Copy-paste prompts for integrating RNA, protein, and phosphoproteomics data.
Servers used: mcp-multiomics (10 tools), mcp-fgbio (4 tools)
Objective: Load RNA, protein, and phospho data for a patient
Load multi-omics data for PatientOne (PAT001-OVC-2025):
- RNA: /data/patient-data/PAT001-OVC-2025/multiomics/rna_counts.csv
- Protein: /data/patient-data/PAT001-OVC-2025/multiomics/protein_abundance.csv
- Phospho: /data/patient-data/PAT001-OVC-2025/multiomics/phospho_abundance.csv
Summarize each dataset:
- Number of samples
- Number of features (genes/proteins)
- Sample groups (tumor vs. normal)
- Data quality metrics
Expected Output:
- RNA: 15 samples, 200 genes
- Protein: 15 samples, 150 proteins
- Phospho: 15 samples, 120 phosphosites
- Groups: 10 tumor, 5 normal samples
- Quality: All datasets normalized and QC-passed
Customize:
- Replace file paths with your data location
- Add specific QC checks:
Check for missing values, outliers
Objective: Check that multi-omics files are properly formatted
Validate the format of PatientOne multi-omics files:
For each file (RNA, protein, phospho), check:
- CSV format with headers
- Sample IDs match across modalities
- Numeric values (no text in data columns)

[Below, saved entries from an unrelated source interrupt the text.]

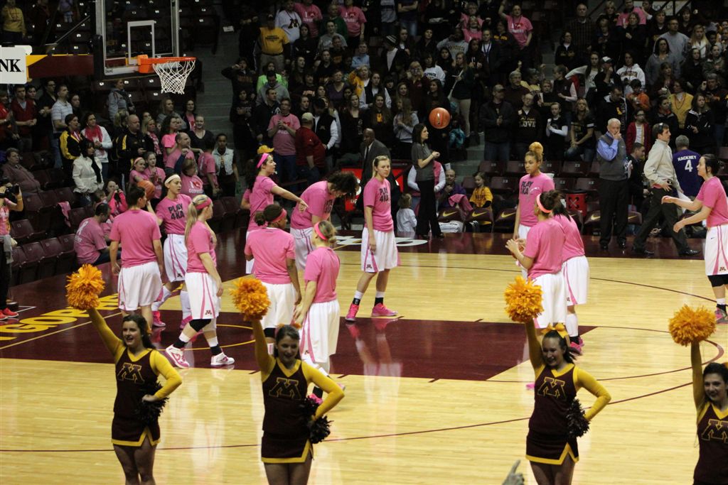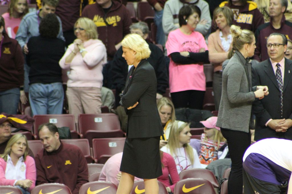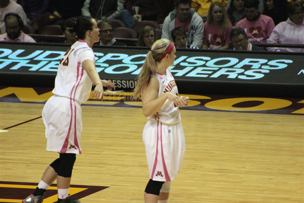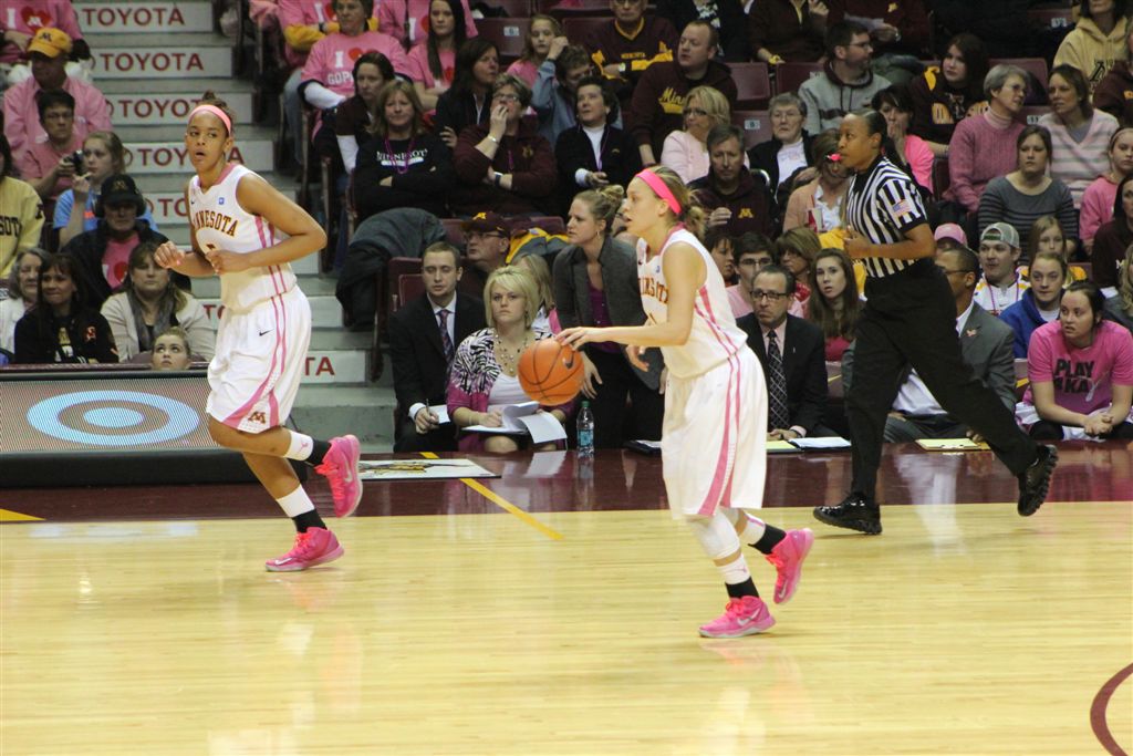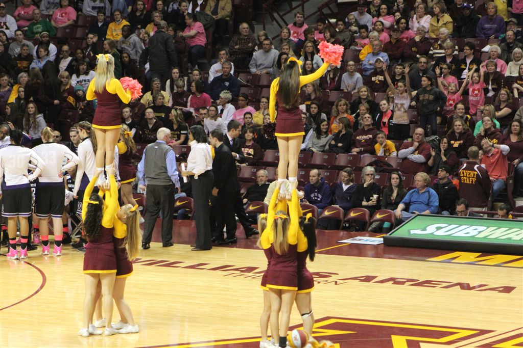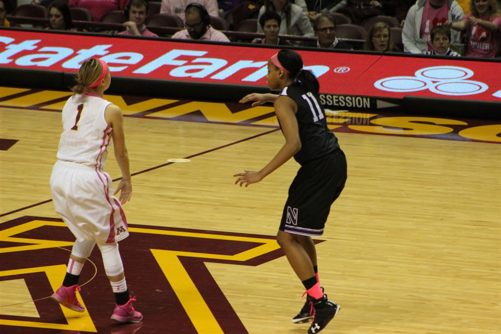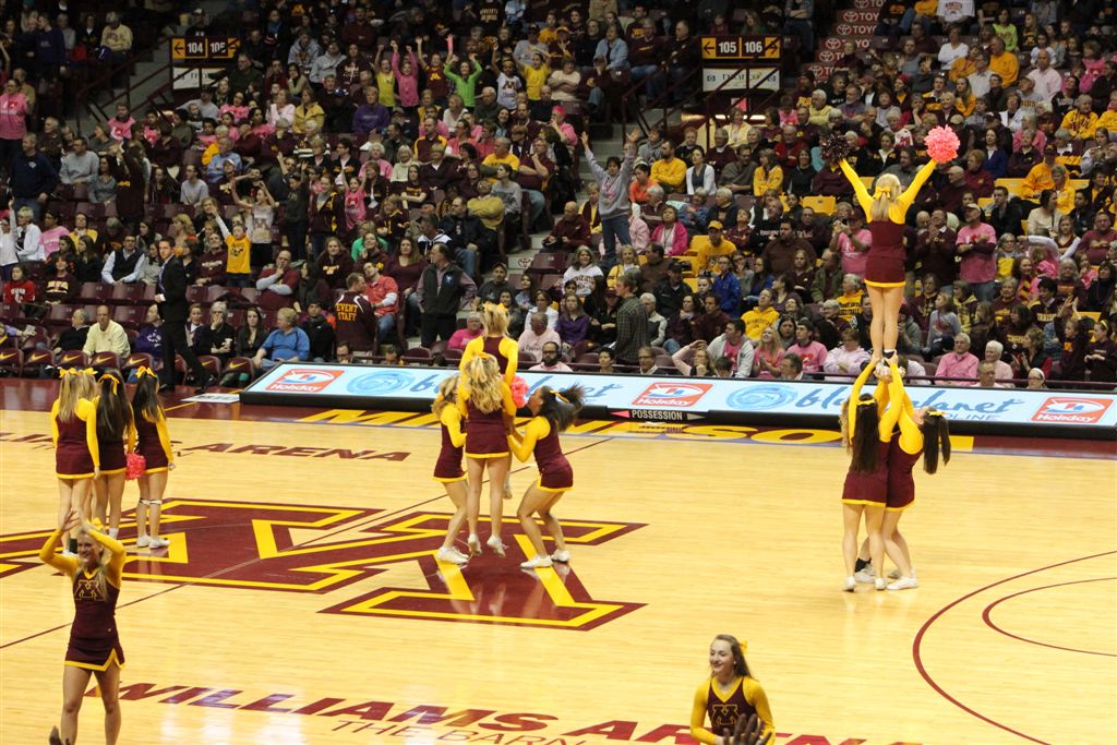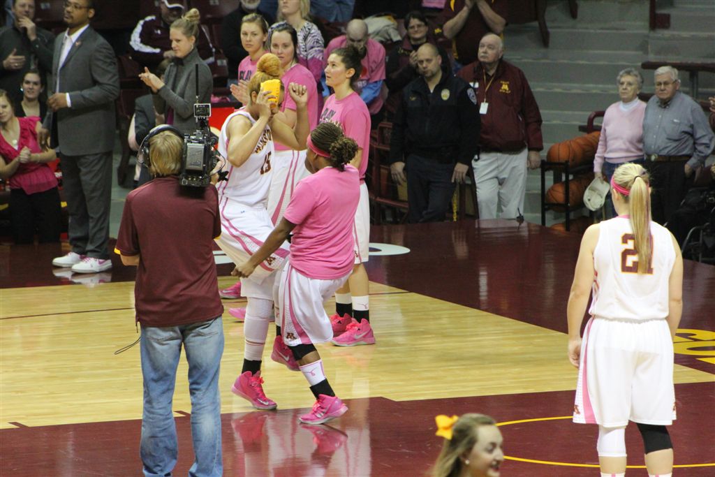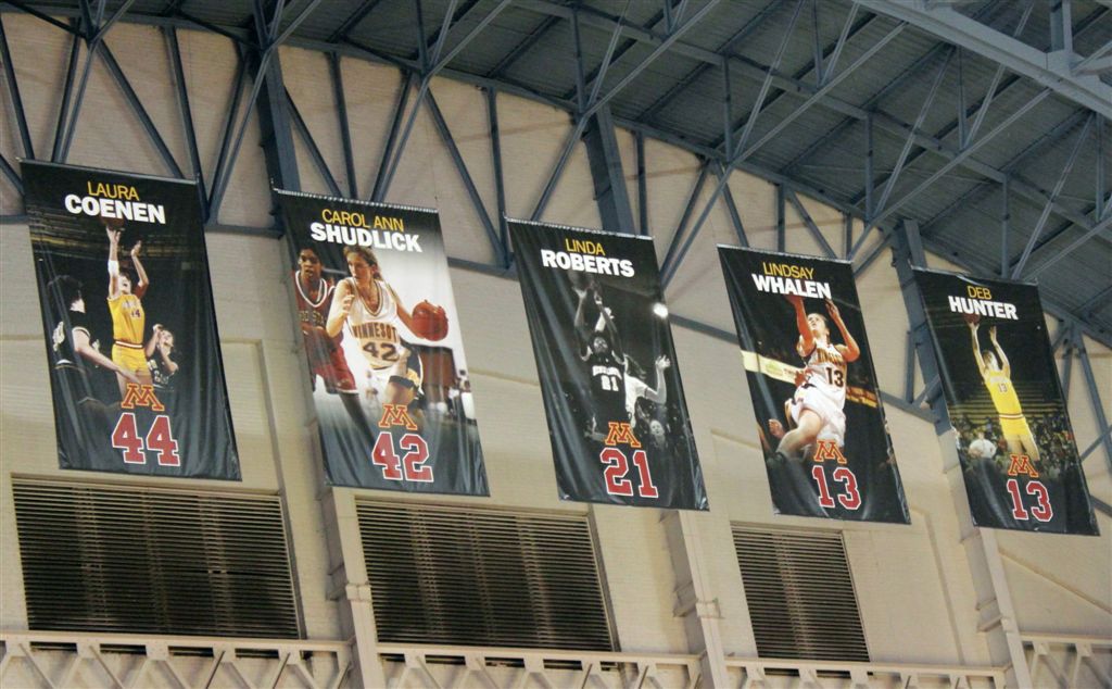 So now it’s the next day, Sunday. We went to Williams Arena to see the Gopher women’s basketball team play Northwestern. I have to be honest here – the Gophers are having an average year. I went to see Rachel Banham play. Rachel (1) is a 5’9″ sophomore guard from Lakeville and she leads the Big Ten in scoring. All the years Lindsay Whelan was starring for the Gophers, we always said we were going to gone down to see her play. We never did. I did not want to miss the next Lindsay Whelan.
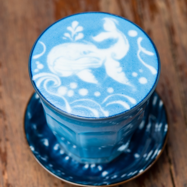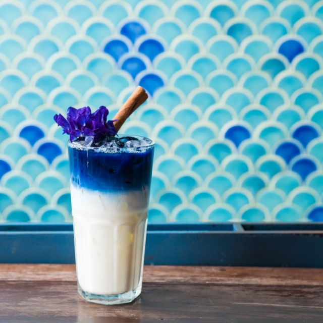 次にご紹介するのも今人気のスポットのひとつ。バンコクに来たのなら一度は見ておきたい三大寺院のうち、ふたつ(ワット・プラケオ、ワット・ポー)のそばにある「ブルー・ホエール・マハーラート」は、バタフライピーという豆科の花を使ったラテとラテアートが話題のカフェです。バタフライピーとはタイ原産の植物で、タイ語でアンチャンと言います。見た目が美しいだけでなく、美肌や美髪、アンチエイジング効果も期待できるんです。
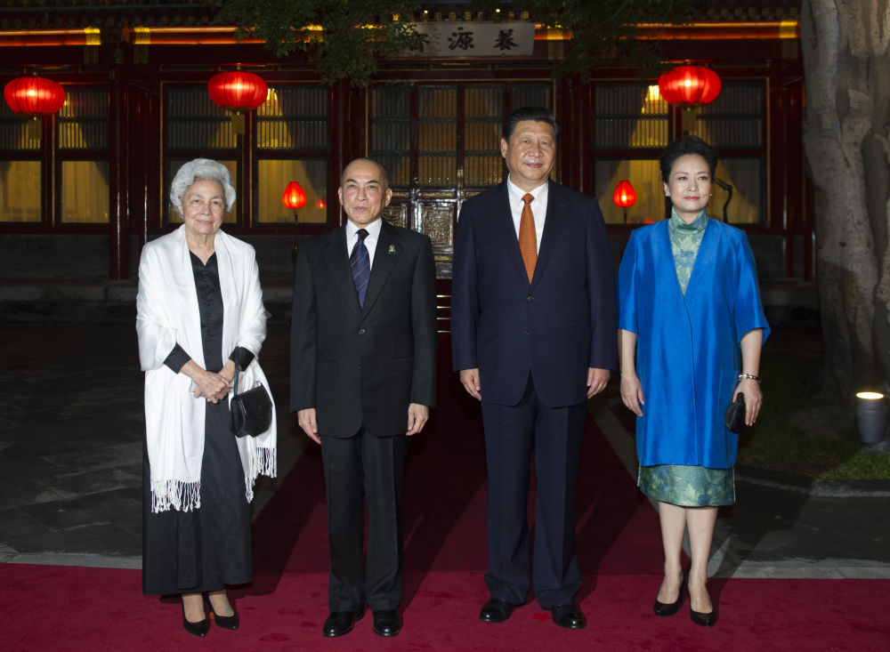2014年9月25日晚,國(guó)家主席習(xí)近平在北京釣魚(yú)臺(tái)國(guó)賓館會(huì)見(jiàn)柬埔寨國(guó)王西哈莫尼和太后莫尼列。習(xí)近平主席夫人彭麗媛參加會(huì)見(jiàn)。
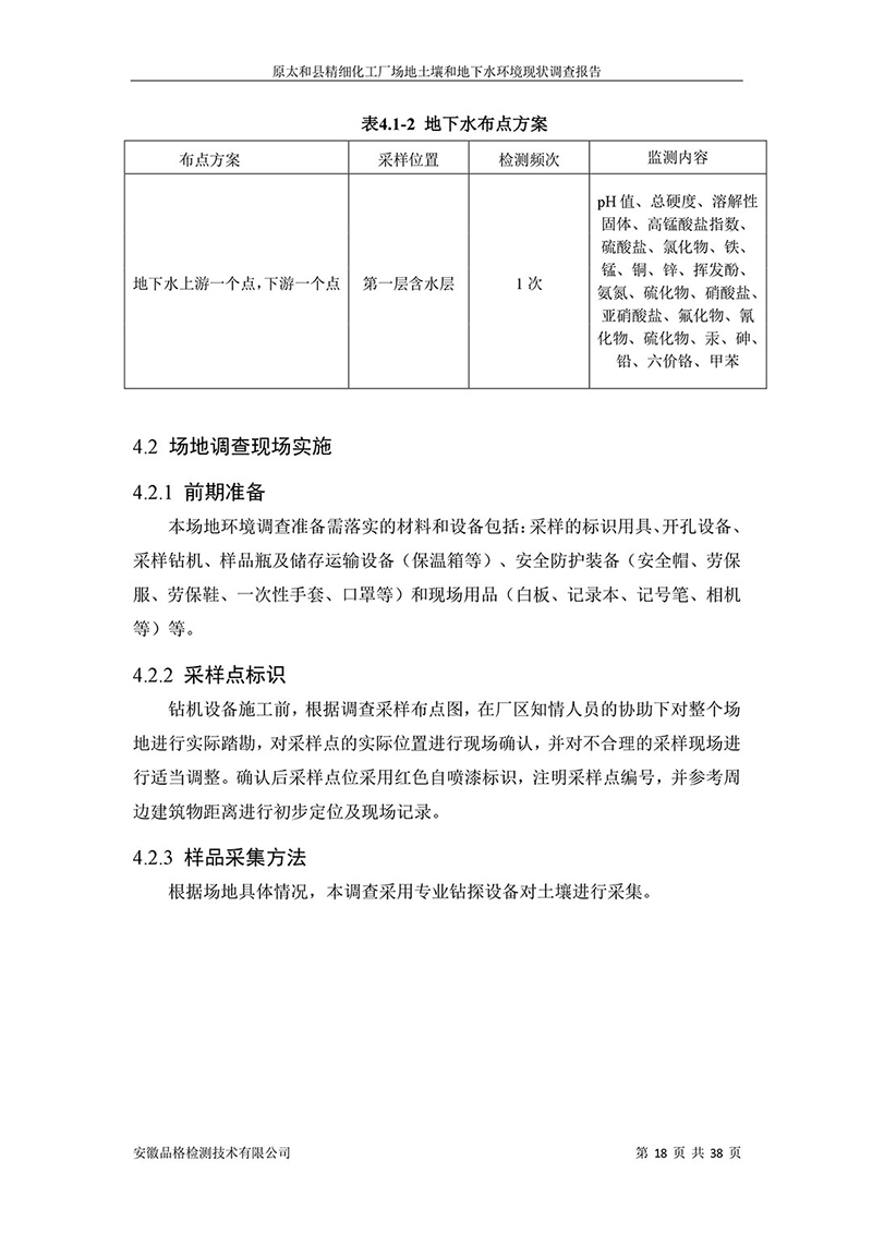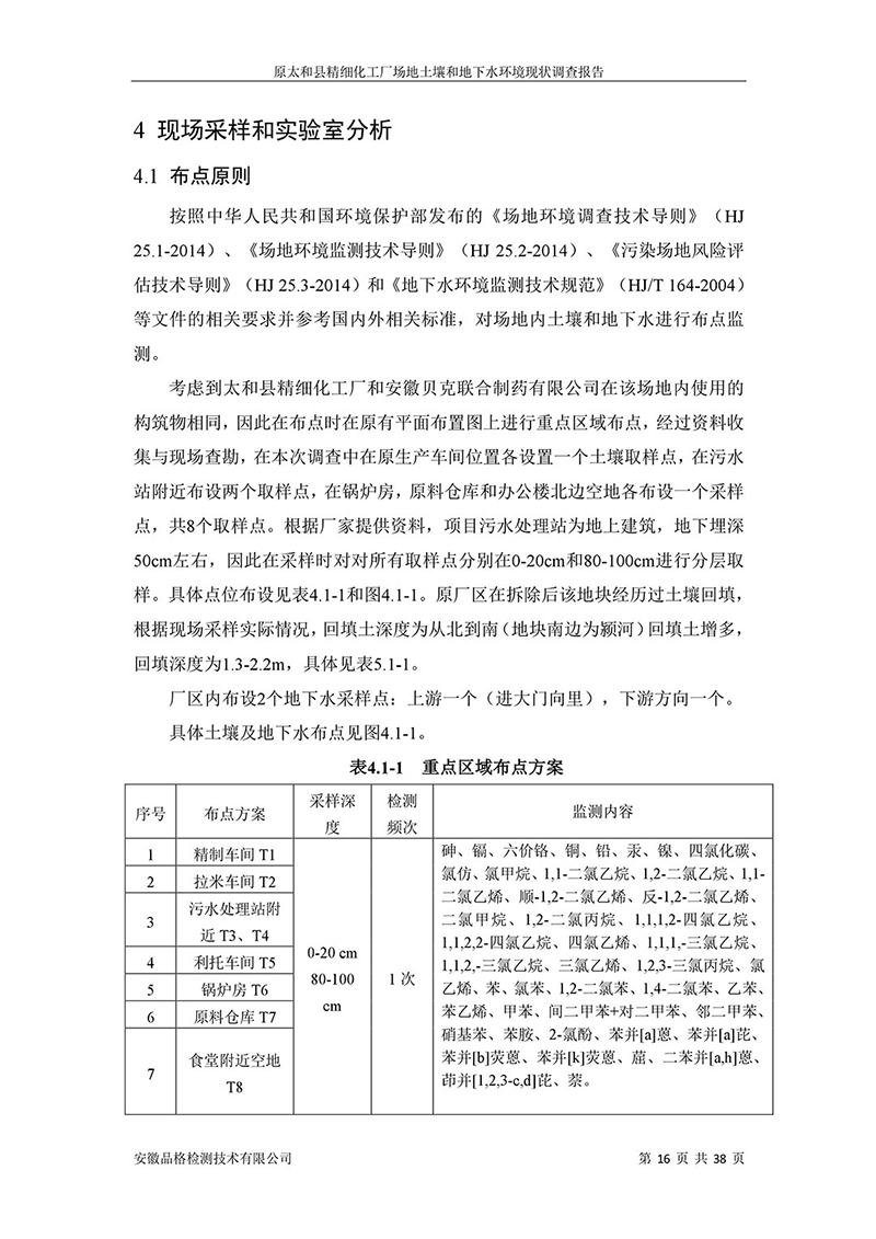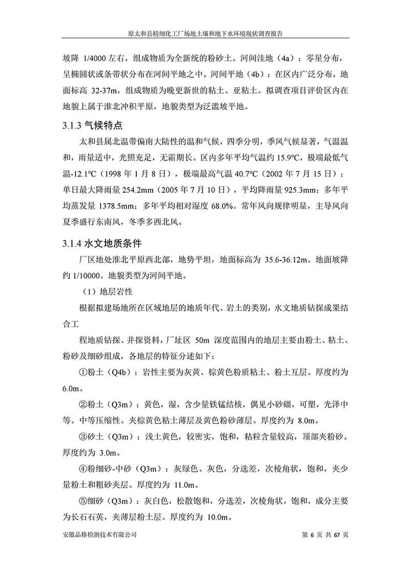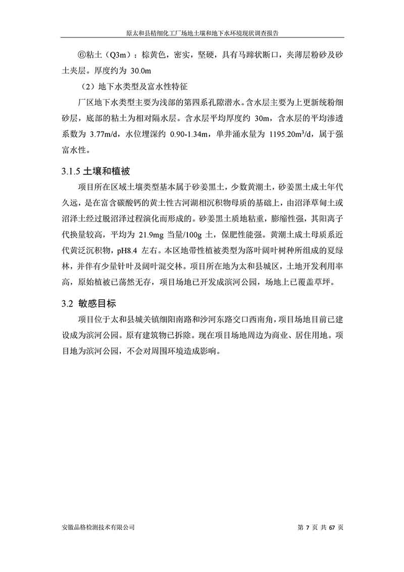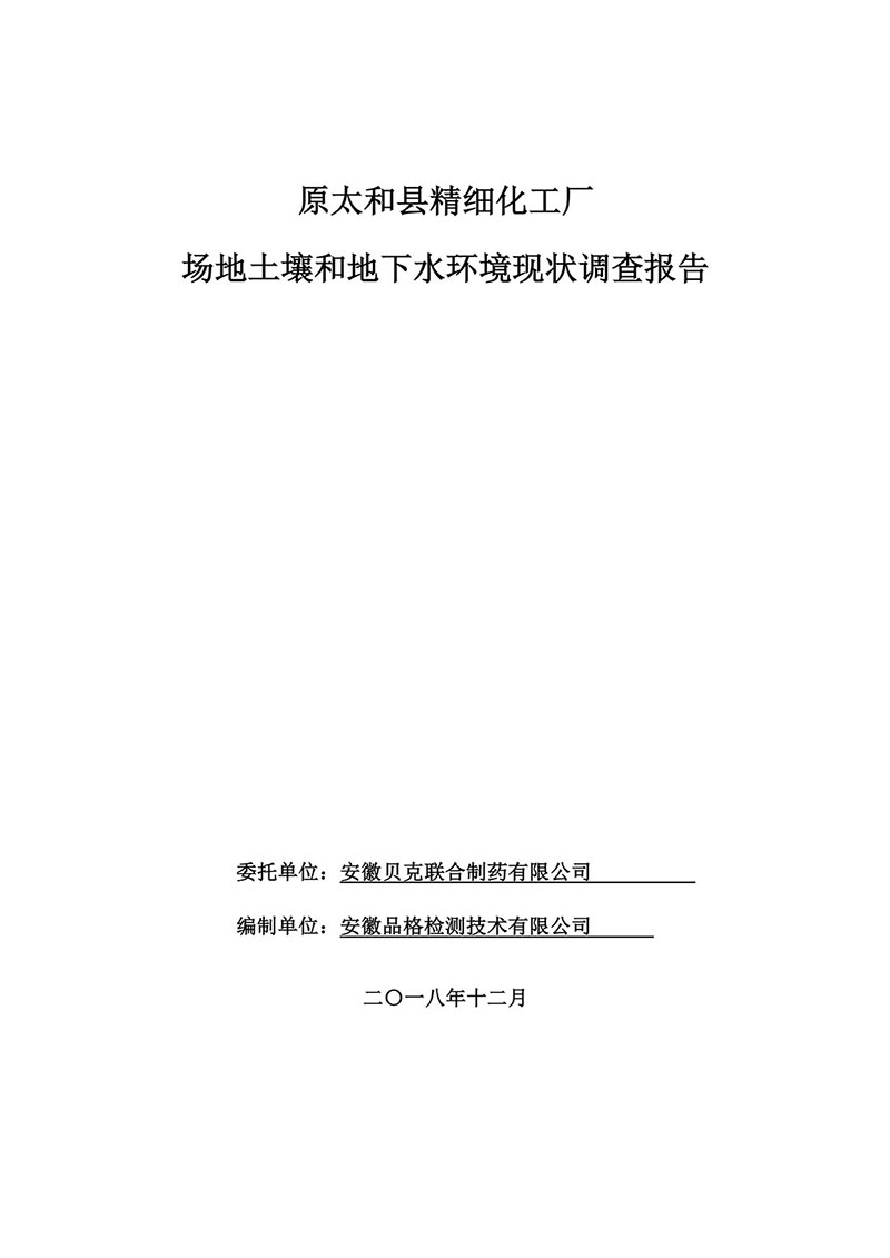 原太和縣精細(xì)化工廠 場地土壤和地下水環(huán)境現(xiàn)狀調(diào)查報告

- No excessive missing data (< 20% NAs)
- Appropriate value ranges (log2 for RNA, raw for protein/phospho)
Report any formatting issues or inconsistencies.
Expected Output:
- ✓ All files: Valid CSV format
- ✓ Sample IDs: Consistent across modalities (15 samples)
- ✓ Data types: All numeric
- ✓ Missing data: <5% per modality
- ⚠ Note: RNA data is log2-transformed, protein/phospho are raw abundances
Customize:
- Adjust missing data threshold
- Add specific validation rules
Objective: Find genes differentially expressed between conditions
Perform differential expression analysis on PatientOne RNA data:
- Compare: Tumor vs. Normal samples
- Method: Mann-Whitney U test (non-parametric)
- Correction: Benjamini-Hochberg FDR
- Threshold: FDR < 0.05, log2FC > 1
Return:
- Top 20 upregulated genes (ranked by fold change)
- Top 20 downregulated genes
- Total significant genes
- Volcano plot visualization
Expected Output:
- Significant genes: 45 (23 up, 22 down)
- Top upregulated: TP53, MYC, VEGFA, ...
- Top downregulated: BRCA1, PTEN, ...
- Volcano plot: [visualization]
Customize:
- Change comparison:
Compare: Pre-treatment vs. Post-treatment - Adjust thresholds:
FDR < 0.01, log2FC > 1.5 - Change method:
Method: Welch's t-test
Objective: Find proteins differentially abundant between conditions
Perform differential abundance analysis on PatientOne protein data:
- Compare: Tumor vs. Normal samples
- Method: Mann-Whitney U test
- Correction: Benjamini-Hochberg FDR
- Threshold: FDR < 0.05, fold change > 1.5x
Return:
- Top 15 upregulated proteins
- Top 15 downregulated proteins
- Overlap with RNA findings (correlation)
Expected Output:
- Significant proteins: 28 (14 up, 14 down)
- Top upregulated: TP53, MYC, EGFR, ...
- RNA-protein correlation: 67% concordance
Customize:
- Adjust fold change:
fold change > 2x(more stringent) - Add protein families:
Focus on kinases and transcription factors
Objective: Identify differentially phosphorylated sites
Analyze phosphorylation changes in PatientOne:
- Compare: Tumor vs. Normal samples
- Method: Mann-Whitney U test
- Correction: FDR < 0.05
- Threshold: Fold change > 2x (phosphorylation often has larger changes)
Return:
- Top 10 hyperphosphorylated sites (increased phosphorylation)
- Top 10 hypophosphorylated sites (decreased phosphorylation)
- Kinase enrichment analysis (which kinases might be responsible)
Expected Output:
- Significant phosphosites: 18 (9 hyper, 9 hypo)
- Top hyper: AKT1_S473, mTOR_S2448, ERK1_T202, ...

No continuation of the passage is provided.